I received advanced copies of Catch and Kill in the mail this week. The official publication date is still weeks away, so it's an odd feeling. A bit of an anti-climax.
You see, I don't know about other people, but I only feel like a writer when I'm writing or editing something I've written or thinking about writing. Other times, I feel like a fraud.
Currently, I'm trying to jump start a new novel, but am not quite writing. And I'm writing poetry, which is more like breathing than writing. So ... I don't know why, but, yeah, I feel like a bit of a fraud to have a new book in my hands because that's something I have written rather than am writing and my tendency is to obsess about that which I don't yet know how to write rather than that which I've already found my way to the end of.
Don't get me wrong, I'm happy with Catch and Kill. Rapt, actually. It's the book I wanted to write, and the crew at UQP have been incredible through the whole process, from writing to editing to production, and I think that shines in the finished product.
But ... a writer needs to write. It's as simple as that.
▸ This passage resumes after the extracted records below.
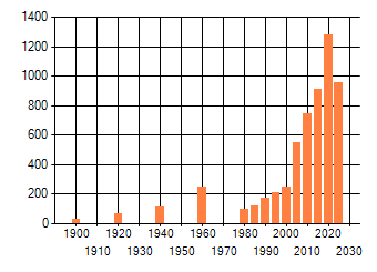 Het aantal atlasblokken (5x5 km) waarin de soort is gemeld binnen een periode van vijf jaar (vanaf 1980) of twintig jaar. Niet gecorrigeerd voor waarnemersinspanning en het aantal doorgegeven waarnemingen kan sterk variëren per periode, dus een trend in verspreiding kan hier niet direct uit worden afgelezen. Het opgegeven jaartal is het eerste jaar van de periode. Bron: gevalideerde waarnemingen uit de NDFF.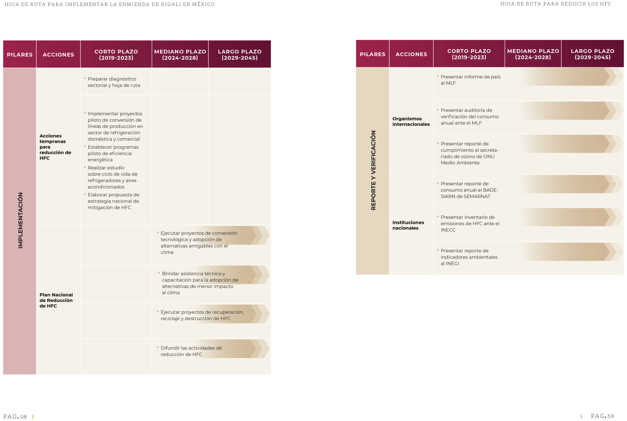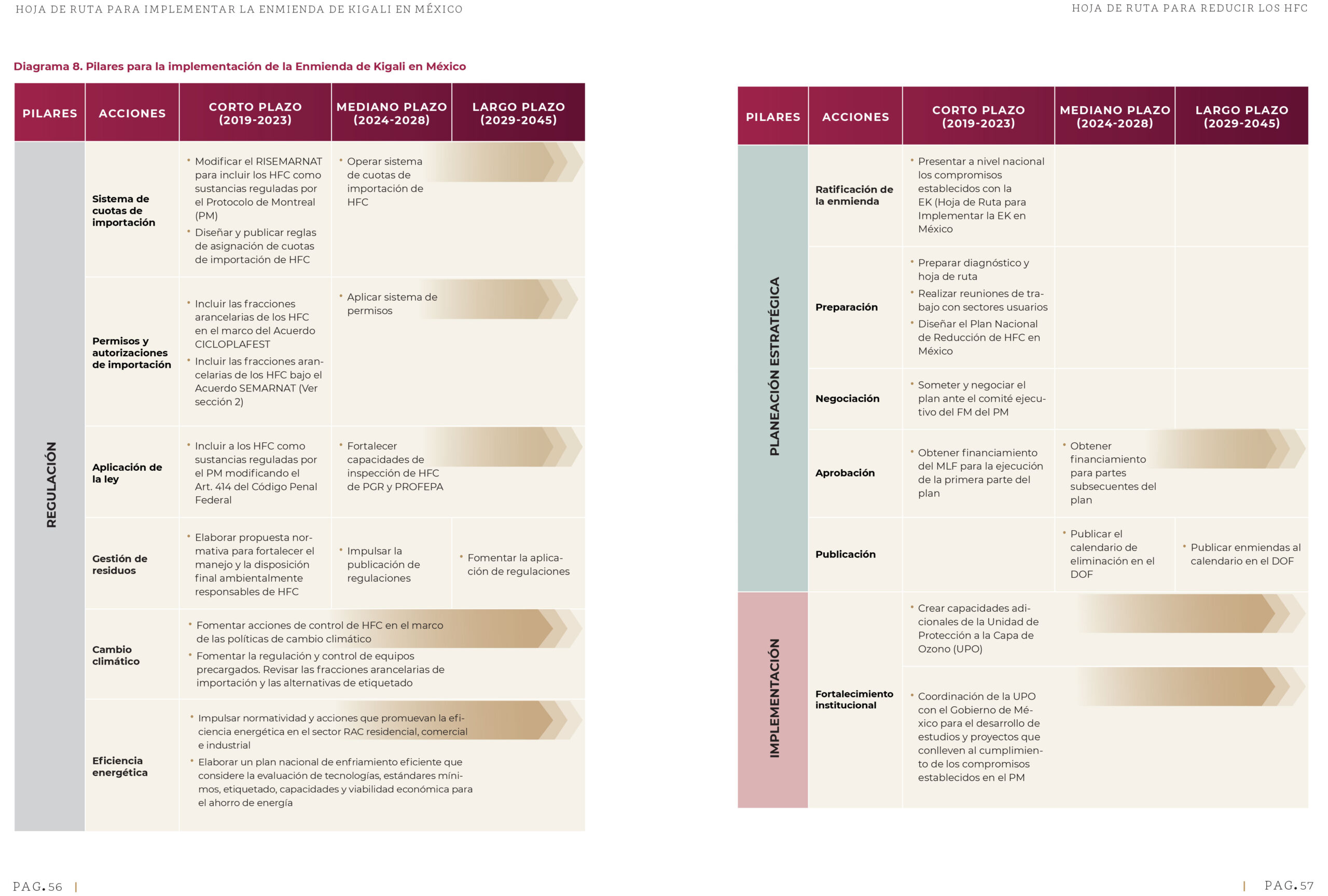 El 29 de mayo del 2019, poco después de la entrada en vigor de la enmienda, el gobierno mexicano publicó una hoja de ruta para su implementación. Está marca tres periodos de intervención (2019-2023, 2024-2028 y 2029-2045) así como estrategias específicas para cada fuente de HFC.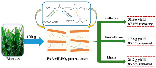- A multi-functional system in combination with PAA and other chemical or physical intensification should be established. Through the integrated PAA pretreatment system, the stubborn structure of biomass can be easily disrupted to achieve high delignification.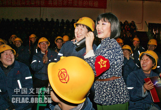 1月5日、6日,在中国剧协分党组书记董伟的带领下,中国文联、中国剧协“送欢乐、下基层”梅花奖艺术团在新春到来之际来到范各庄矿和唐山矿,为煤矿工人们送上了新年的祝福。图为王红丽和矿工兄弟同台表演豫剧《抬花轿》。高扬 摄

Maybe that's why I publication always comes with a strange sensation, an aftertaste that drives me back to the notebook and the computer.
The first time I felt like this was 1996. I was living in Berkeley, in the Bay Area, and had just finished writing the manuscript of what became, eight years later, my first novel, Another. I'd written a novel before, when I was 20, but knew it wasn't good enough to be in print. Another, I believed, was good enough.
This left me with a strange sensation. Ever since I was around fourteen, my only real 'career' goals, if I had any, were to write a clutch of great poems and write a novel. By 1996, I had a couple of poems I was happy with and, having finished Another, had written what I hoped would be that novel. And, just like that, it was as though a hand that had been in the middle of my back for ten years went away.
I found myself without force or motion. And I didn't know what to do.
Time has taught me what I need to do this time. I need to write the next book.